Collected data »
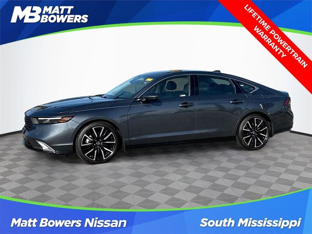 Matt Bowers Nissan of South Mississippi is proud to offer this outstanding 2023 Honda Accord Hybrid in Black This vehicle has passed our comprehensive inspection with flying colors and comes with the following features; 2.0L 16V DOHC, 12 Speakers, 4-Wheel Disc Brakes, ABS brakes, Adaptive Cruise Control: Adaptive Cruise Control (ACC) with Low-Speed Follow, Adaptive suspension, Air Conditioning, Alloy wheels, AM/FM radio, Apple CarPlay/Android Auto, Auto High-beam Headlights, Auto-dimming Rear-View mirror, Automatic temperature control, Bose Premium Sound System, Brake assist, Bumpers: body-color, Compass, Delay-off headlights, Driver door bin, Driver vanity mirror, Dual front impact airbags, Dual front side impact airbags, Electronic Stability Control, Emergency communication system: HondaLink, Exterior Parking Camera Rear, Four wheel independent suspension, Front anti-roll bar, Front Bucket Seats, Front Center Armrest, Front dual zone A/C, Front reading lights, Fully automatic headlights, Heads-Up Display, Heated & Ventilated Front Bucket Seats, Heated door mirrors, Heated front seats, Heated rear seats, Illuminated entry, Knee airbag, Lane departure: Lane Keeping Assist System (LKAS) active, Leather Shift Knob, Leather steering wheel, Leather-Trimmed Seat Trim, Low tire pressure warning, Memory seat, Navigation system: Google Built-In, Occupant sensing airbag, Outside temperature display, Overhead airbag, Overhead console, Panic alarm, Passenger door bin, Passenger vanity mirror, Power door mirrors, Power driver seat, Power moonroof, Power passenger seat, Power steering, Power windows, Radio data system, Rain sensing wipers, Rear anti-roll bar, Rear reading lights, Rear seat center armrest, Rear side impact airbag, Rear window defroster, Remote keyless entry, Security system, Speed control, Speed-sensing steering, Speed-Sensitive Wipers, Split folding rear seat, Steering wheel mounted audio controls, Telescoping steering wheel, Tilt steering wheel, Traction control, Trip computer, Turn signal indicator mirrors, Variably intermittent wipers, Ventilated front seats, and Wheels: 19" x 8.5J Berlina Black. 2.0L 16V DOHC.
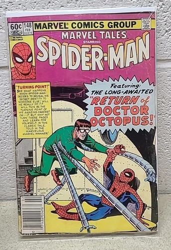 Marvel Tales #148 - 1982 - Spiderman Return Of Doctor Octopus Comic Book Comics. This vintage comic book is perfect for collectors and fans of the Spider-Man series. Featuring Doctor Octopus as the main antagonist, this issue is from the Bronze Age (1970-83) and published by Marvel.
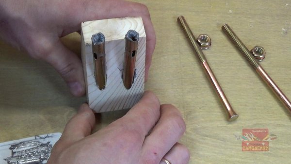 После того, как клей высохнет нужно отпилить выступающие части трубочек с низу вровень с бруском.
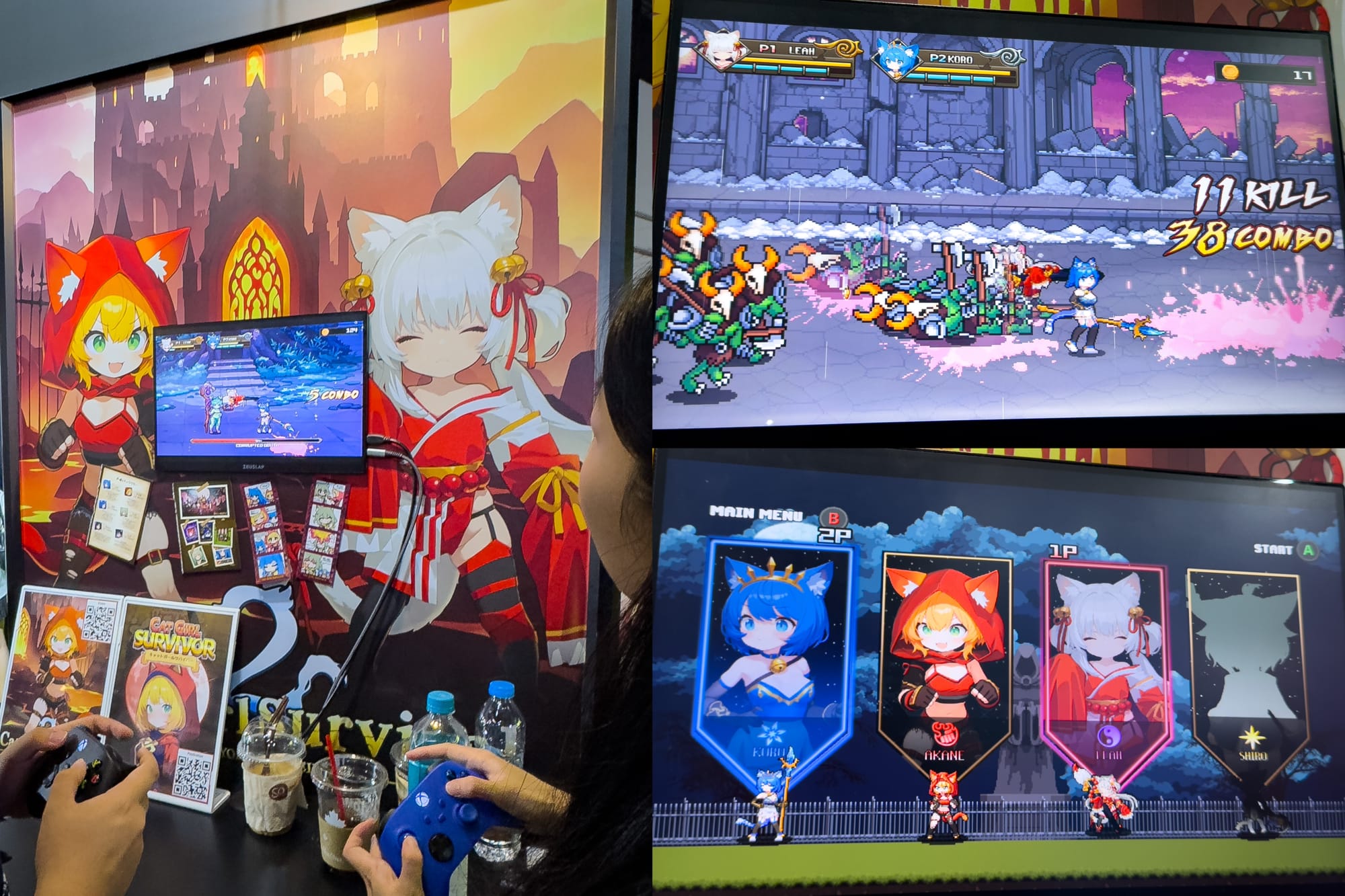 The most kawaii title on the show floor goes to: Cat Girl Survivor 2: Beyond the Veil. While the original leaned towards a 'Vampire Survivor-esque' roguelite loop, the sequel instead shifts to a 2D beat ’em up with very cute art style and local co-op, kind of like a fantasy-styled River City Girls. I swooped in and parked myself on a stool, playing co-op with the dev as magical cat girls against waves of monsters. Combat is snappy and old school with light and heavy attacks, jump kicks, dashes, and big flashy special moves.

Exercise objective »
All the lines above must be written out exactly, without a single picture.

Answer for the task »
 Matt Bowers Nissan of South Mississippi is proud to offer this outstanding 2023 Honda Accord Hybrid in Black This vehicle has passed our comprehensive inspection with flying colors and comes with the following features; 2.0L 16V DOHC, 12 Speakers, 4-Wheel Disc Brakes, ABS brakes, Adaptive Cruise Control: Adaptive Cruise Control (ACC) with Low-Speed Follow, Adaptive suspension, Air Conditioning, Alloy wheels, AM/FM radio, Apple CarPlay/Android Auto, Auto High-beam Headlights, Auto-dimming Rear-View mirror, Automatic temperature control, Bose Premium Sound System, Brake assist, Bumpers: body-color, Compass, Delay-off headlights, Driver door bin, Driver vanity mirror, Dual front impact airbags, Dual front side impact airbags, Electronic Stability Control, Emergency communication system: HondaLink, Exterior Parking Camera Rear, Four wheel independent suspension, Front anti-roll bar, Front Bucket Seats, Front Center Armrest, Front dual zone A/C, Front reading lights, Fully automatic headlights, Heads-Up Display, Heated & Ventilated Front Bucket Seats, Heated door mirrors, Heated front seats, Heated rear seats, Illuminated entry, Knee airbag, Lane departure: Lane Keeping Assist System (LKAS) active, Leather Shift Knob, Leather steering wheel, Leather-Trimmed Seat Trim, Low tire pressure warning, Memory seat, Navigation system: Google Built-In, Occupant sensing airbag, Outside temperature display, Overhead airbag, Overhead console, Panic alarm, Passenger door bin, Passenger vanity mirror, Power door mirrors, Power driver seat, Power moonroof, Power passenger seat, Power steering, Power windows, Radio data system, Rain sensing wipers, Rear anti-roll bar, Rear reading lights, Rear seat center armrest, Rear side impact airbag, Rear window defroster, Remote keyless entry, Security system, Speed control, Speed-sensing steering, Speed-Sensitive Wipers, Split folding rear seat, Steering wheel mounted audio controls, Telescoping steering wheel, Tilt steering wheel, Traction control, Trip computer, Turn signal indicator mirrors, Variably intermittent wipers, Ventilated front seats, and Wheels: 19" x 8.5J Berlina Black. 2.0L 16V DOHC.
 Marvel Tales #148 - 1982 - Spiderman Return Of Doctor Octopus Comic Book Comics. This vintage comic book is perfect for collectors and fans of the Spider-Man series. Featuring Doctor Octopus as the main antagonist, this issue is from the Bronze Age (1970-83) and published by Marvel.
 После того, как клей высохнет нужно отпилить выступающие части трубочек с низу вровень с бруском.
 The most kawaii title on the show floor goes to: Cat Girl Survivor 2: Beyond the Veil. While the original leaned towards a 'Vampire Survivor-esque' roguelite loop, the sequel instead shifts to a 2D beat ’em up with very cute art style and local co-op, kind of like a fantasy-styled River City Girls. I swooped in and parked myself on a stool, playing co-op with the dev as magical cat girls against waves of monsters. Combat is snappy and old school with light and heavy attacks, jump kicks, dashes, and big flashy special moves.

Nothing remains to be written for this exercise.